- **Exercise details**
Line by line, retype the material exactly and leave each picture out.

- **Source material**
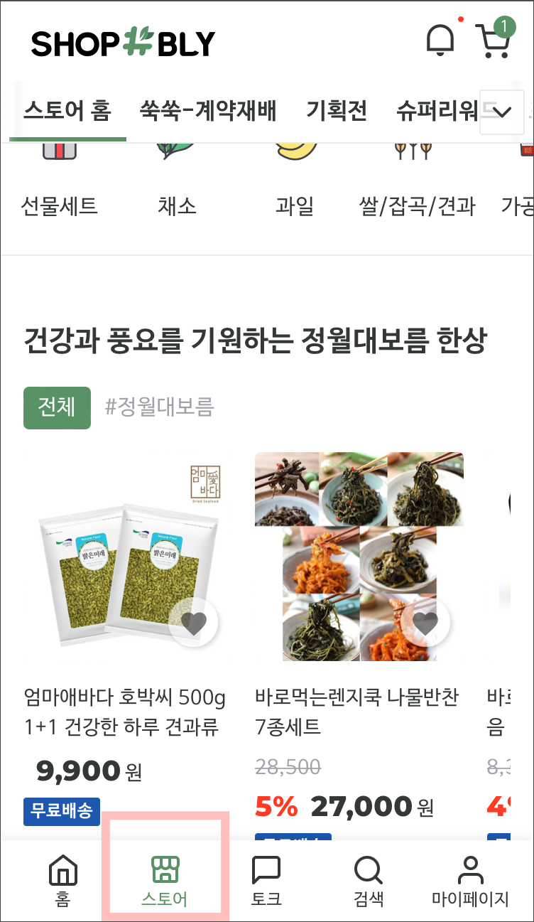 샵블리 앱에서 스토어로 들어가줍니다.
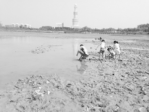 8月25日10时许,记者来到周口公园景观湖旁看到,原本碧波荡漾的景观湖已经消失,只留下了一片一片的小泥塘,湖底的淤泥也露了出来。由于最近天气炎热干燥,高温加剧了湖水的蒸发,湖底原本露出的淤泥已经出现裂缝,让整个湖底看着像一块“湿地”。而在湖底内,数十名市民正卷着裤腿儿、拿着小篓儿在一处处小泥塘内捕捉着田螺和小鱼,还有一些小朋友在湖底的淤泥中玩耍。
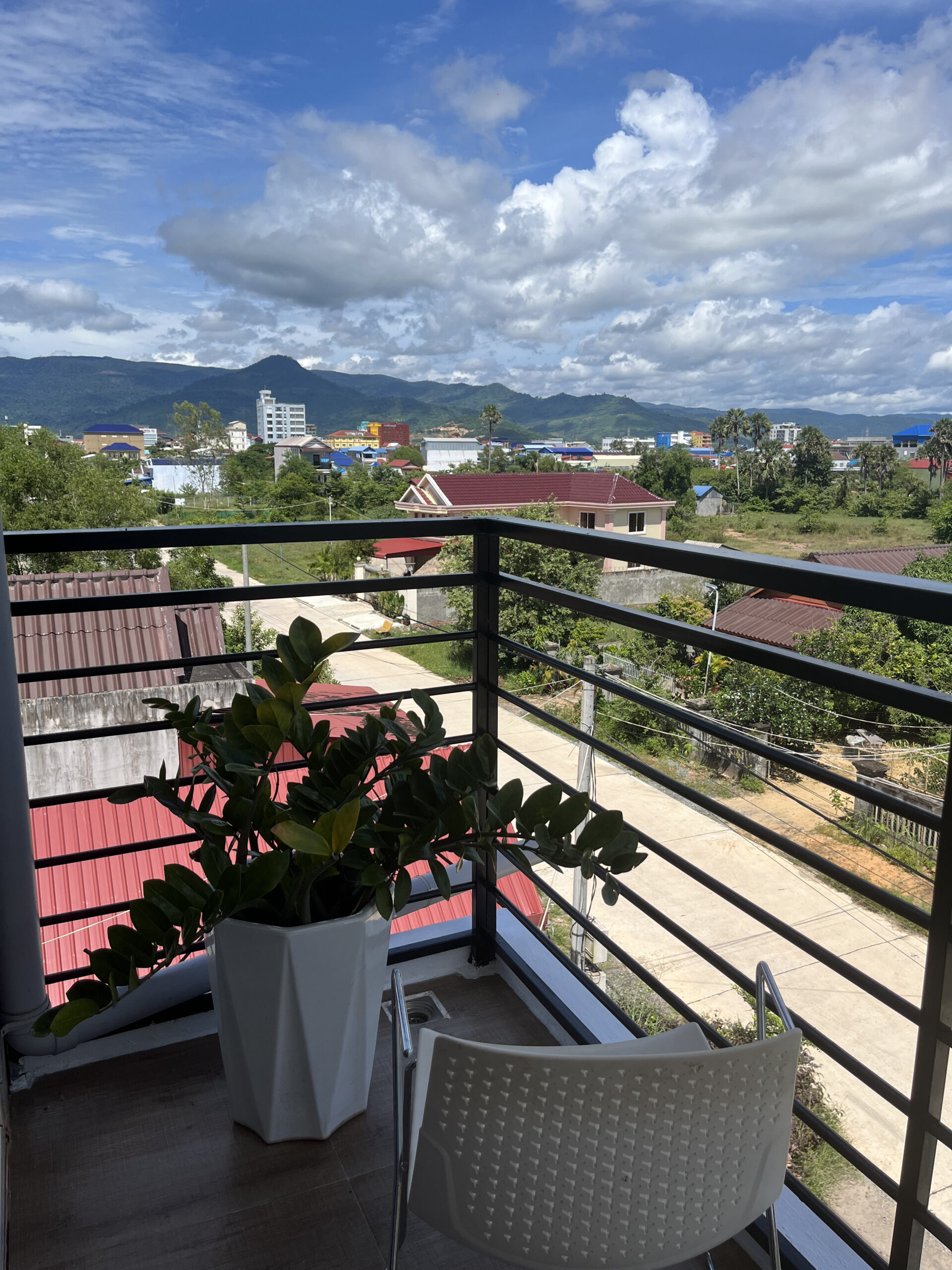 The room has a comfortable king-size double bed and air conditioning. Relax on the balcony and enjoy the view over a small lake and the city centre. Of course, the room has its own bathroom with shower and toilet.

- **Written response**
 샵블리 앱에서 스토어로 들어가줍니다.
 8月25日10时许,记者来到周口公园景观湖旁看到,原本碧波荡漾的景观湖已经消失,只留下了一片一片的小泥塘,湖底的淤泥也露了出来。由于最近天气炎热干燥,高温加剧了湖水的蒸发,湖底原本露出的淤泥已经出现裂缝,让整个湖底看着像一块“湿地”。而在湖底内,数十名市民正卷着裤腿儿、拿着小篓儿在一处处小泥塘内捕捉着田螺和小鱼,还有一些小朋友在湖底的淤泥中玩耍。
 The room has a comfortable king-size double bed and air conditioning. Relax on the balcony and enjoy the view over a small lake and the city centre. Of course, the room has its own bathroom with shower and toilet.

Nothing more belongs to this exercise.